| HN Mirror

Y	Hacker News new \| ask \| show \| jobs

by MSM 2350 days ago

S3 != a data lake.

If you're able to solve the problems that you were previously using oracle or SQL Server for with S3, more power to you, but the truth is that to replicate the functionality of that old Oracle server you'll start with S3, but you'll also want some querying (Aurora? RDS? Hbase?), probably some analytics and ingestion (Redshift? Kinesis? Elastic? Hive? Oozie? Airflow?), along with some security now that you've got multiple tools interacting (Ranger? Knox?), probably some load balancing (Zookeeper?), maybe some lineage and data cataloging (Atlas?), etc.

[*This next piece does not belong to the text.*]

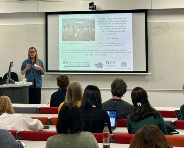 Konferencē pētnieces uzstājās ar referātu “The Shifting and Contradictory Symbolic Codes in Legitimizing Militarization in Latvia: the Discourse Surrounding the Introduction of Mandatory Conscription and Military Education Programs in General Education”, kurā dalījās ar pirmajiem rezultātiem no projekta “Gatavojoties karam: Kara nozīmes Latvijas publiskajā diskursā un jauniešu uztverē”. Izmantojot simbolisko kodu teoriju, pētnieces skaidroja, kā valsts aizsardzības dienests un valsts aizsardzības mācība kopš 2014. gada tiek atspoguļota Latvijas Sabiedriskajos medijos.

In my experience what starts with "Just throw some data in S3, forget that old crusty expensive server!" ends with 22 technologies trying to cohesively exist because each one provides a small but necessary slice of your platform. Your organization will never be able to find one person who is an expert in all of these (on the contrary, you can find an Oracle, or DB2, or SQL Server expert for half the money) so you end up with seven folks who are each an expert in three of the 22 pieces you've cobbled together, but they all have slightly different ideas on how things should work together, so you end up with a barely functioning platform after a year's worth of work because you didn't want to just start with a $400k license from Oracle.

3 comments

threeseed 2349 days ago

Not sure what you are talking about.

If you have S3 you can use Athena, Redshift Spectrum or Spark as query layer. It's not 22 technologies.

You don't need ElasticSearch, Ranger, Knox, Zookeeper etc as they have nothing to do with querying.

link

dx034 2349 days ago

But then it's far from basically free. Even overpriced Oracle databases can end up cheaper than locking into AWS in these cases (my experience).

link

derefr 2349 days ago

I think the presumption that's differing here is query workload.

An OLAP database is, in the default case, an always-online instance or cluster, costing fixed monthly OpEx.

Whereas, if your goal in having that database is to do one query once a month based on a huge amount of data, then it will certainly be cheaper to have an analytical pipeline that is "offline" except when that query is running, with only the OLTP stage (something ingesting into S3; maybe even customers writing directly to your S3 bucket at their own Requester-Pays expense) online.

link

billman 2349 days ago

My biggest problem with Oracle is not the database itself. There is no doubt that Oracle is a fine piece of software, and is bullet proof, and has decades of experience built into it.

My problem is the scalability and elasticity of it's licensing model. It doesn't meet the needs of today's analytics without spending enormous amounts of money up front.

link

cjalmeida 2349 days ago

Nope. One can start easily with Airflow+Spark(ERM)+Presto+S3 and get about 80% what'd get from your run of the mill Oracle database. At a fraction of the price, without half the headache in procurement, licensing or performance tweaking. And better scalability.

You'd be looking at $M in licenses for anything half-serious based in Oracle tech. Becoming good at replacing Oracle stuff probably has been one of the best paying jobs for a while.

link